We zijn weer een stap dichter bij transplantaties van varkensorganen, blijkt uit een nieuwe studie.
Met behulp van het genetische knip- en plakgereedschap CRISPR hebben wetenschappers op DNA gebaseerde virussen verwijderd die gewoonlijk varkensorganen infecteren, waardoor de kans groter wordt dat deze dierlijke organen op een dag veilig in menselijke patiënten kunnen worden getransplanteerd, een proces dat bekend staat als xenotransplantatie.
Maar dat betekent niet dat transplantaties van varkensorganen om de hoek liggen; wetenschappers zouden nog steeds andere elementen van transplantaties van varkens moeten veranderen om ervoor te zorgen dat het menselijk lichaam ze niet afwijst.
Momenteel is er een dramatisch tekort in het aantal orgaantransplantaties dat beschikbaar is voor mensen die ze nodig hebben, en veel mensen sterven voordat ze er een krijgen. Dieren zoals varkens zouden in theorie een onbeperkte bron van dergelijke organen kunnen leveren. Maar immuunonverenigbaarheden en virussen die in het varkensgenoom zijn opgenomen, endogene retrovirussen van varkens genoemd (PERV's), hebben het zeer waarschijnlijk gemaakt dat dergelijke varkensorganen het nooit alleen zouden opnemen.
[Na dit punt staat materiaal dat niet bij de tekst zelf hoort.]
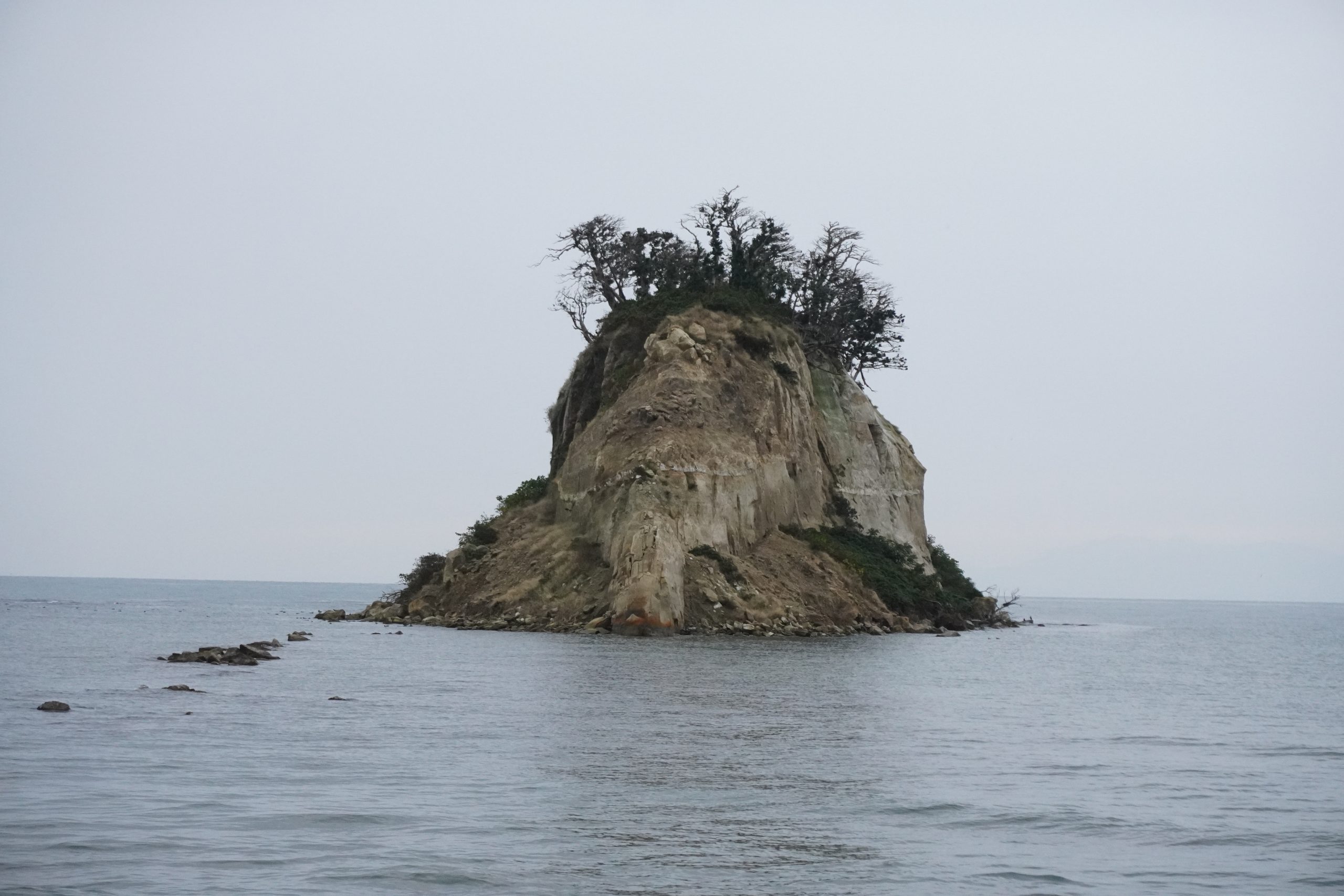 島の一部が崩落し島頂部にあった草木も枯れ白骨化が進行している

Om die PERV's te omzeilen, gebruikten wetenschappers van eGenesis, een bio-engineeringbedrijf in Cambridge, Massachusetts, CRISPR-Cas 9, een genetische tool die het genoom doorsnijdt waar het ook op gericht is, om 62 PERV's in varkenscellen in cultuur te verwijderen. Het team injecteerde deze cellen vervolgens in eicellen van varkens en produceerde babyvarkens. Vervolgens gebruikten ze genetische tests om aan te tonen dat de varkens geen sporen van deze PERV's bevatten.